▶ Task to complete
Every record below needs to be set down exactly. Pictures do not belong in the copy.

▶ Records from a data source
== Segment start ==

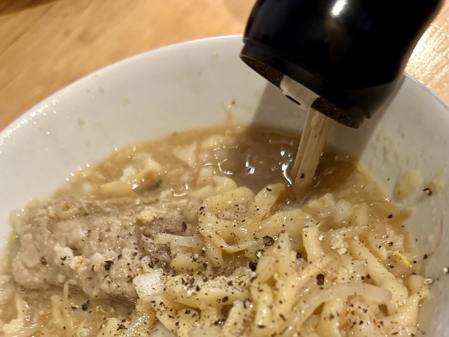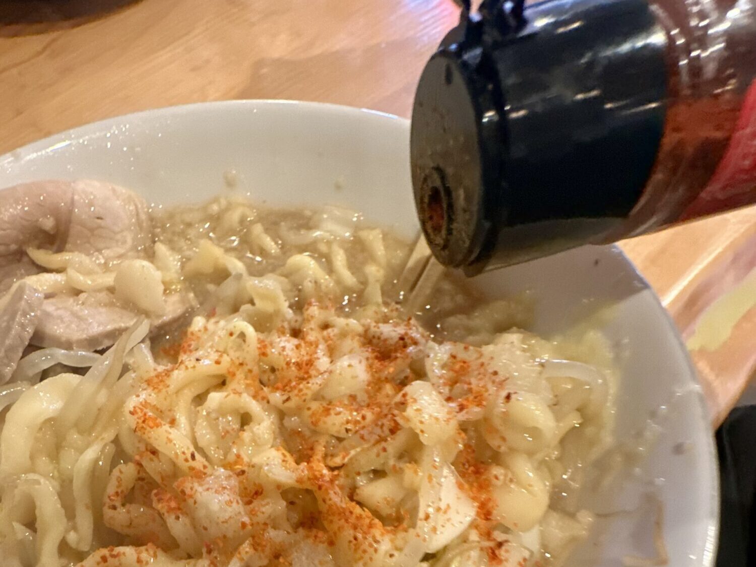 きっと大量のセアブラも気にならないように、っていうこの酢の要素、それをあえて薄めるべく調味料ダブル
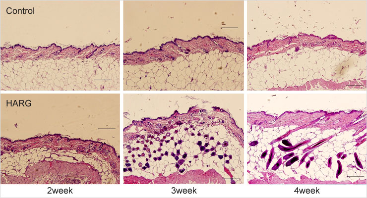 毛部分にハーグ療法を施した基礎実験データです。未治療群(control)は、毛包の出現が認められません。HARG治療群(HARG)では、3週間後に毛包が出現し、4週間目で毛包の成熟が認められています。 ハーグ量の効果は、多くの基礎実験により証明されています。
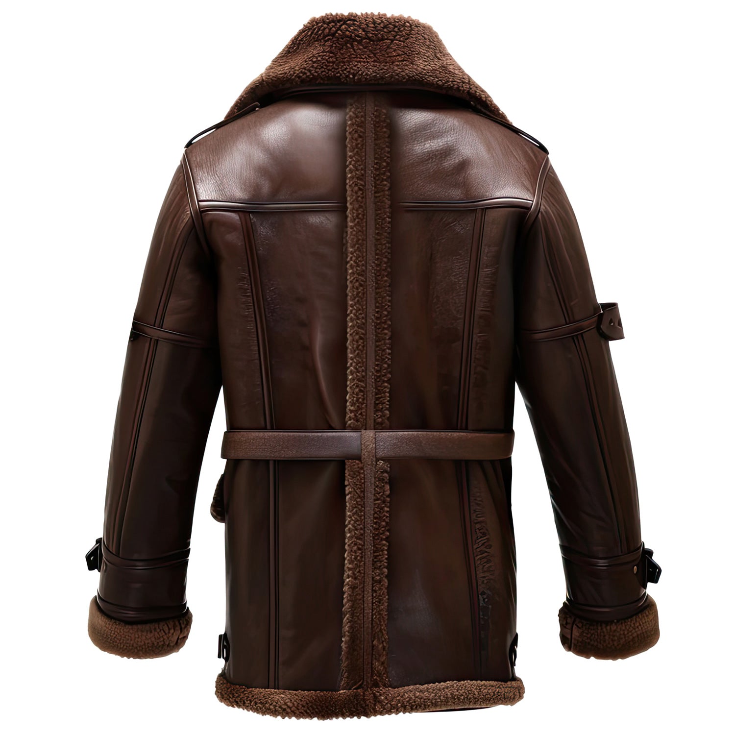 Explore the pinnacle of fashion and cosiness with our distressed leather aviator jacket for guys. This classic piece is made of real leather and has a plush faux shearling lining that provides comfort and style. A faux fur collar and belted waist offer a hint of rugged elegance to this vintage-inspired design. This adaptable jacket is the ideal option for every situation, whether you're adventuring across the city or spending a comfortable evening out. Shop now to add this important piece to your wardrobe.
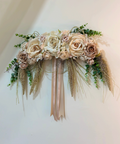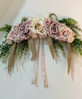 La composizione è caratterizzata da una ricca sequenza floreale nei toni delicati del rosa e del cipria, arricchita da foliage verde, elementi pendenti decorativi e lunghi nastri coordinati firmati Mata Creazioni, che donano movimento e verticalità all’insieme.
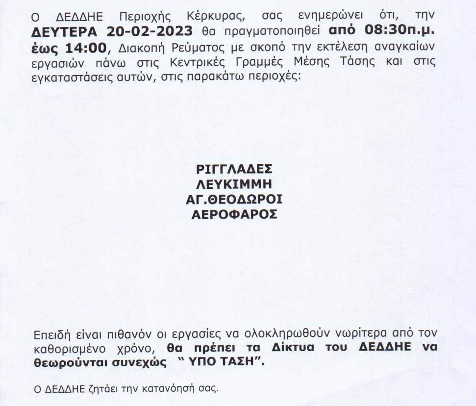 ΚΟΙΝΩΝΙΑΕΛΕΥΘΕΡΟΕΙΔΗΣΕΙΣ Πολύωρη διακοπή ρεύματος στο νότο, την Δευτέρα Η διακοπή ρεύματος θα πραγματοποιηθεί λόγω εργασιών πάνω στις κεντρικές γραμμές μέσης τάσης. Last updated: 17/02/2023 09:37 CorfuPress.com Published: 17/02/2023 Share SHARE Η διακοπή ρεύματος θα πραγματοποιηθεί λόγω εργασιών πάνω στις κεντρικές γραμμές μέσης τάσης. Διακοπή ρεύματος τη Δευτέρα-Δείτε που Που θα γίνει διακοπή ρεύματος την Τετάρτη Που θα γίνει διακοπή ρεύματος την Τετάρτη Που θα γίνουν προγραμματισμένες διακοπές ρεύματος το διάστημα 23-25 Αυγούστου Έρχεται διακοπή ρεύματος στη Βόρεια Κέρκυρα Share This Article Facebook Whatsapp Whatsapp Email Copy Link Print Previous Article Γενική συνέλευση και κοπή πίτας για τους Συνταξιούχους του ΙΚΑ Next Article Για νέα νίκη ο Αστέρας, κρίσιμη έξοδος για ΑΕΛ! Δεν υπάρχουν Σχόλια Δεν υπάρχουν Σχόλια Αφήστε μια απάντηση Ακύρωση απάντησηςΗ ηλ. διεύθυνση σας δεν δημοσιεύεται. Τα υποχρεωτικά πεδία σημειώνονται με *Σχόλιο * Όνομα * Email * Ιστότοπος Αποθήκευσε το όνομά μου, email, και τον ιστότοπο μου σε αυτόν τον πλοηγό για την επόμενη φορά που θα σχολιάσω. ΑναζήτησηΑναζήτησηRecent PostsΌλα τα μάτια στον Θοδωρή, τον καπετάνιο μας! Τη Δευτέρα 22 Σεπτεμβρίου γιορτάζει… Σαν Σήμερα 22/9: Τα σημαντικότερα γεγονότα… Η πρόγνωση του καιρού Έφηβοι Ιονίου: Με περίπατο, συνεχίζουν στο Rising Stars! Recent CommentsΧωρίς σχόλια για εμφάνιση.

== Segment end ==

▶ Solution for this problem
 きっと大量のセアブラも気にならないように、っていうこの酢の要素、それをあえて薄めるべく調味料ダブル
 毛部分にハーグ療法を施した基礎実験データです。未治療群(control)は、毛包の出現が認められません。HARG治療群(HARG)では、3週間後に毛包が出現し、4週間目で毛包の成熟が認められています。 ハーグ量の効果は、多くの基礎実験により証明されています。
 Explore the pinnacle of fashion and cosiness with our distressed leather aviator jacket for guys. This classic piece is made of real leather and has a plush faux shearling lining that provides comfort and style. A faux fur collar and belted waist offer a hint of rugged elegance to this vintage-inspired design. This adaptable jacket is the ideal option for every situation, whether you're adventuring across the city or spending a comfortable evening out. Shop now to add this important piece to your wardrobe.
 La composizione è caratterizzata da una ricca sequenza floreale nei toni delicati del rosa e del cipria, arricchita da foliage verde, elementi pendenti decorativi e lunghi nastri coordinati firmati Mata Creazioni, che donano movimento e verticalità all’insieme.
 ΚΟΙΝΩΝΙΑΕΛΕΥΘΕΡΟΕΙΔΗΣΕΙΣ Πολύωρη διακοπή ρεύματος στο νότο, την Δευτέρα Η διακοπή ρεύματος θα πραγματοποιηθεί λόγω εργασιών πάνω στις κεντρικές γραμμές μέσης τάσης. Last updated: 17/02/2023 09:37 CorfuPress.com Published: 17/02/2023 Share SHARE Η διακοπή ρεύματος θα πραγματοποιηθεί λόγω εργασιών πάνω στις κεντρικές γραμμές μέσης τάσης. Διακοπή ρεύματος τη Δευτέρα-Δείτε που Που θα γίνει διακοπή ρεύματος την Τετάρτη Που θα γίνει διακοπή ρεύματος την Τετάρτη Που θα γίνουν προγραμματισμένες διακοπές ρεύματος το διάστημα 23-25 Αυγούστου Έρχεται διακοπή ρεύματος στη Βόρεια Κέρκυρα Share This Article Facebook Whatsapp Whatsapp Email Copy Link Print Previous Article Γενική συνέλευση και κοπή πίτας για τους Συνταξιούχους του ΙΚΑ Next Article Για νέα νίκη ο Αστέρας, κρίσιμη έξοδος για ΑΕΛ! Δεν υπάρχουν Σχόλια Δεν υπάρχουν Σχόλια Αφήστε μια απάντηση Ακύρωση απάντησηςΗ ηλ. διεύθυνση σας δεν δημοσιεύεται. Τα υποχρεωτικά πεδία σημειώνονται με *Σχόλιο * Όνομα * Email * Ιστότοπος Αποθήκευσε το όνομά μου, email, και τον ιστότοπο μου σε αυτόν τον πλοηγό για την επόμενη φορά που θα σχολιάσω. ΑναζήτησηΑναζήτησηRecent PostsΌλα τα μάτια στον Θοδωρή, τον καπετάνιο μας! Τη Δευτέρα 22 Σεπτεμβρίου γιορτάζει… Σαν Σήμερα 22/9: Τα σημαντικότερα γεγονότα… Η πρόγνωση του καιρού Έφηβοι Ιονίου: Με περίπατο, συνεχίζουν στο Rising Stars! Recent CommentsΧωρίς σχόλια για εμφάνιση.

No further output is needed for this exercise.